Why she's running: "I'm running to reset the compact between our citizens and our city hall," Rolli says. "I mean those words purposefully. Government doesn't function without the citizens saying, 'This is how it should function.'

  • "Right now, it doesn't seem to most residents that our city government is functioning very well. It feels to people who are not courthouse crowd people like we're causing a lot of unforced errors, like the [Metro Council vote rejecting a proposal to bring the Republican National Convention to Nashville]."

Rolli has a track record of working for Republicans, albeit for officials who are moderate by today's GOP standards.

  • She was the campaign manager for Sen. Lamar Alexander in 2014 and then worked in the Department of Economic and Community Development under Gov. Bill Haslam. She also is a businessperson who worked for a music education company on Music Row.

What she'd do on Day One: Rolli has campaigned on red meat issues of crime, fiscal responsibility and especially improving schools.

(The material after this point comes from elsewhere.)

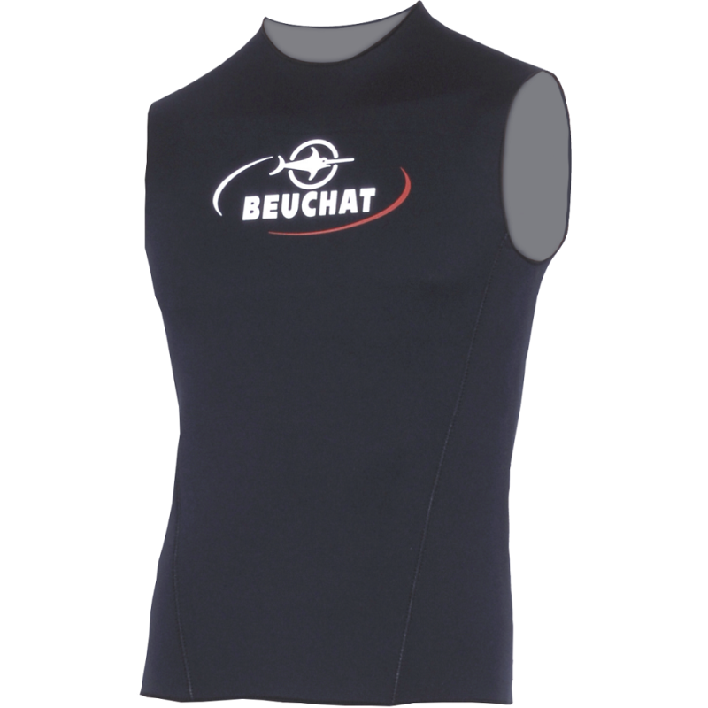 Майка Beuchat Vest Man 2,5mm чорна це неопренова жилетка призначена для утеплення при зануреннях в холодну воду. Як правило одягається під костюм. Основна частина товщиною 2,5 мм неопрена. В області шиї зовнішня частина виконана з гладкого неопрену для кращого прилягання шийного обтюратора гідрокостюма. Кількість потрапляючої води різко зменшується і досягається більш значні показники по теплоізоляції.

Neighborhood: Nashville native, lives in the Edgehill neighborhood.

Favorite weekend activity: "Anything with my kids, and I'm a big fan of our parks. My favorite thing is also probably gardening outside."

Favorite live music experience: When Thistle Farms collaborated with Nashville musicians for a benefit at the Ryman.

Best meal in Nashville: Brunch at Monell's, which has community-style seating. "We are reminded there that you never have to eat alone in Nashville."